I need help responding to her comment. Do I agree or disagree. I will say a disagree with her but I need more details. Please Help.?
The social groups Neanderthals might have had were hunter gathers but in groups that consisted mostly of just family members that were not only adults but also children. Neanderthals were able to speak to one another due to hyoid bone and larynx so their social life was probably more interesting as well as complex, the proof is in their tools. Also Neanderthals had burial traditions that they did when someone died; Neanderthals also made pieces of art making them not so different than us, Homo sapiens.
I need help responding to her comment. Do I agree or disagree. I will say a disagree with her but I need more details. Please Help.
- JocelyneLv 510 months ago
She would be correct. In fact, DNA testing shows that the northern populations have Neanderthal DNA.
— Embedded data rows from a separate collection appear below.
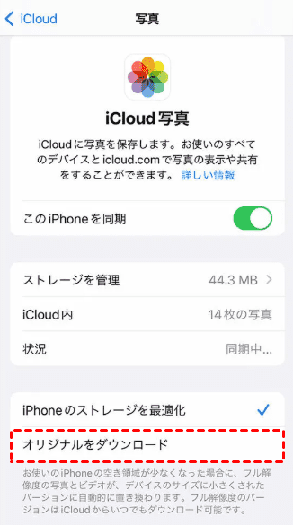 手順2.iCloud写真にある「オリジナルをダウンロード」を選択して、デバイス本体に写真とビデオを保存します。
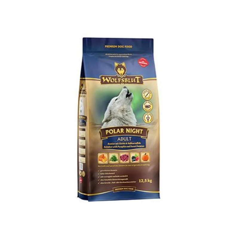 Vlci loví svou kořist od Skalistých hor Severní Ameriky, arktické tundry, hor a lesů Evropy až po pouště a stepi střední Asie. To jim dodává maso a vnitřnosti bohaté na živiny, ale také zeleninu, ovoce, bobule, kořeny a bylinky z obsahu žaludku kořisti. Obilí zde není zahrnuto. Vlk tak přijímá potřebné vitamíny, minerály, stopové prvky, enzymy a druhotné rostlinné látky. Vzhledem k tomu, že vlk je předkem všech psů, naše suché krmivo pro psy Wolfsblut je založeno na přirozených stravovacích návycích vlka. Obsahuje hodně masa nebo ryb v kombinaci se superpotravinami, které obsahují hodnotné ingredience – stejně jako v přírodě, bez obilovin. Náš výběr výjimečných druhů masa a superpotravin bohatých na živiny vychází z vlčích biotopů a jejich pestré stravy. Wolfsblut nabízí každému psovi druhově vhodnou a originální stravu a díky rozmanitosti odrůd si každý najde něco, co snese. Receptura suchého krmiva POLAR NIGHT ADULT kombinuje výživu vlků s nejnovějšími vědeckými poznatky o správné výživě psů.
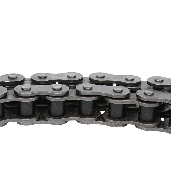 Roller chains are a type of chain used for transmitting mechanical power and are a kind of chain drive. They are widely applied in household, industrial and agricultural machinery, including conveyors, plotters, printing machines, automobiles, motorcycles, and bicycles. It is composed of a series of short cylindrical rollers linked together and driven by a gear called a sprocket. It is a simple, reliable and efficient power transmission device. Compared with belt drive, it has no elastic sliding, can maintain an accurate average transmission ratio, and has a higher transmission efficiency. The chain does not require a large tension force, so the load on the shaft and bearings is relatively small. It will not slip, has reliable transmission, strong overload capacity and can work well under low speed and heavy load.

We were taught that the mighty Homo sapiens killed them off. The reality is more likely that they were assimilated into the population. Studies are showing they were more intelligent and stronger.
- Anonymous10 months ago
The position of the hyoid bone is not preserved in fossils, since the hyoid bone is not attached to any other bone in the body. Therefore we cannot determine whether Neanderthals could speak or not based on speculation of the position of their hyoid bone. There are scientists who try to figure out whether Neanderthals could speak or not by looking for evidence of handedness (whether they use one hand more than the other hand). Humans have the left brain control speech, and we are predominantly right handed. Humans who have the right brain controlling speech are left handed. Animals incapable of speech do not prefer one hand over the other hand. There is some evidence that some tools used by Neanderthals show marks that suggest they prefer the right hand, just like modern humans. If Neanderthals can speak, that probably means that H. erectus can speak as well, as it seems unlikely that speech could have evolved independently in both modern humans and Neanderthals, since we last shared an ancestor with them 500,000 years ago, and modern humans only evolved 200,000 years ago.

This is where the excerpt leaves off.